Fishgram remembers the examples for each pattern. If there is only one variable in the pattern, an example is a single object; otherwise each example is a vector of objects for each variable in the pattern. Each time a relation is added to a pattern, if it has no new variables, some of the examples may be removed, because they don't satisfy the new predicate. It needs to have at least one variable in common with the previous relations. Otherwise the patterns would combine many unrelated things.
In frequent itemset mining (for example the APRIORI algorithm), there is effectively one variable, and adding a new predicate will often decrease the number of items that match. It can never increase it. The number of possible conjunctions increases with the length, up to some point, after which it decreases. But when mining for patterns with multiple objects there is a much larger combinatorial explosion of patterns. Various criteria can be used to prune the search.
The most basic criterion is the frequency. Only patterns with at least N examples will be included, where N is an arbitrary constant. You can also set a maximum number of patterns allowed for each length (number of relations), and only include the best ones. The next level of the breadth-first search will only search for extensions of those patterns.
It would be more interesting to use a measure of statistical interestingness, to make sure the relations in a pattern are correlated with each other. There are many spurious frequent patterns, because anything which is frequent will occur together with other things, whether they are relevant or not. For example “breathing while typing” is a frequent pattern, because people breathe at all times. But “moving your hands while typing” is a much more interesting pattern. As people only move their hands some of the time, a measure of correlation would prefer the second pattern. The best measure may be interaction information, which is a generalisation of mutual information that applies to patterns with more than two predicates. An early-stage AI would not have much knowledge of cause and effect, so it would rely on statistical measures to find useful patterns.
Comparison to other algorithms
Fishgram is more suitable for OpenCog's purposes than existing graph mining algorithms, such as GSpan. Most other graph mining algorithms were designed with molecular datasets in mind. The OpenCog AtomSpace is a different graph in various ways. For one, there are many possible relations between nodes (much like in a semantic network). Many relations involve more than two objects, and there are also properties – predicates about a single object. So the relations are effectively directed links of varying arity. It also has events, and many states can change over time (e.g. an egg changes state while it's cooking). Fishgram is designed for general knowledge in an embodied agent.

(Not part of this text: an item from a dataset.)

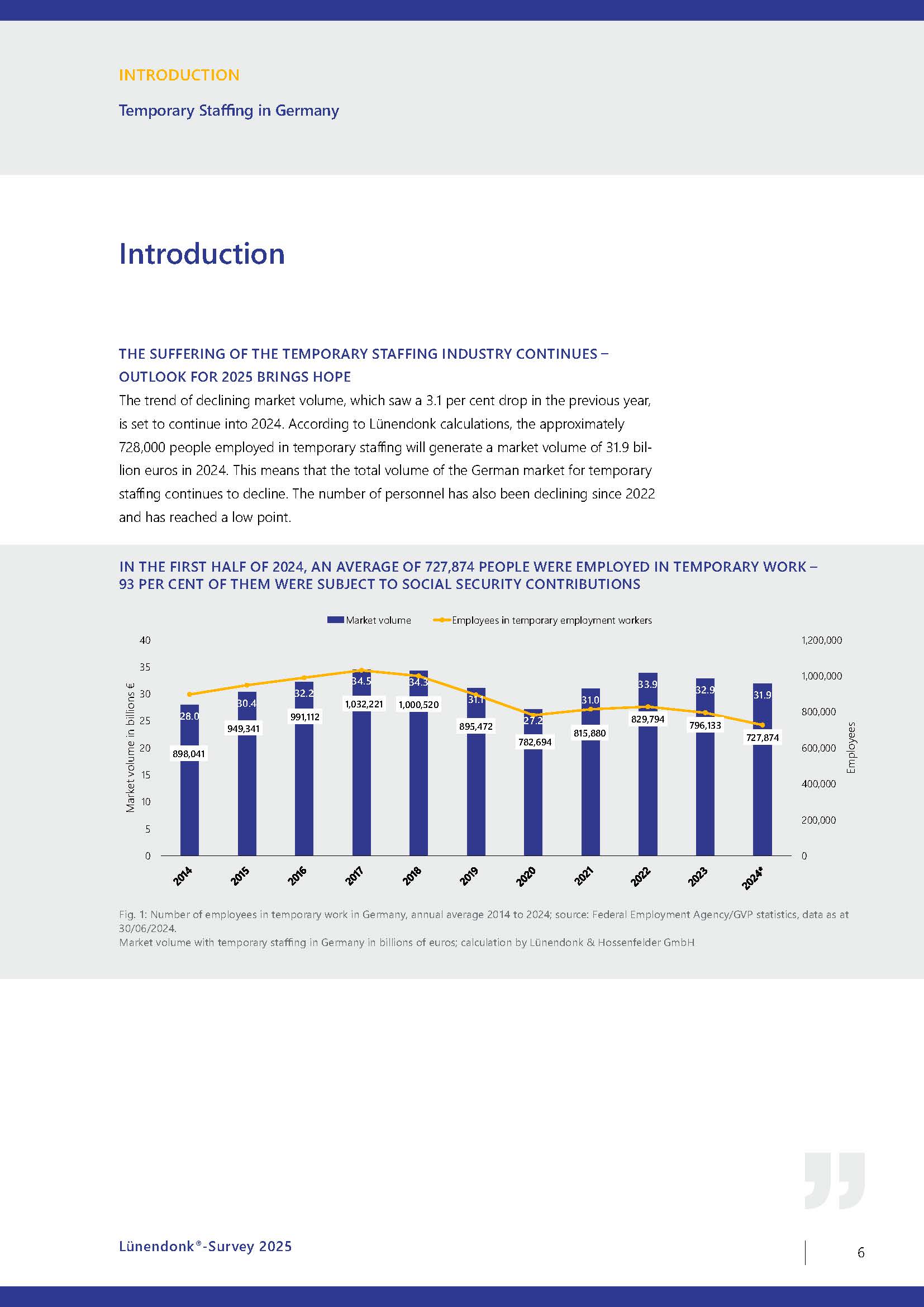 Key figures on the temporary staffing market, such as revenue and internal employees as well as those working on customer assignments, but also developments, current topics, and trends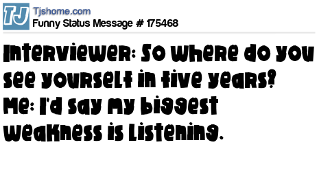 - # 202750 Interviewer: “What is your biggest weakness?” Me: “Answering job interview questions correctly.”

There are other major differences. Fishgram uses a breadth-first search, rather than depth-first search. And it does an “embedding-based” search, searching for patterns that can be embedded multiple times in a large graph. Molecular datasets have many separate graphs for separate molecules, but the embodied perceptions are closer to a single, fairly well-connected graph. Depth-first search would be very slow on such a graph, as there are many very long paths through the graph, and the search would mostly find those. Whereas the useful patterns tend to be compact and repeated many times.
Lastly the design of Fishgram makes it easy to experiment with multiple different scoring functions, from simple ones like frequency to much more sophisticated functions such as interaction information.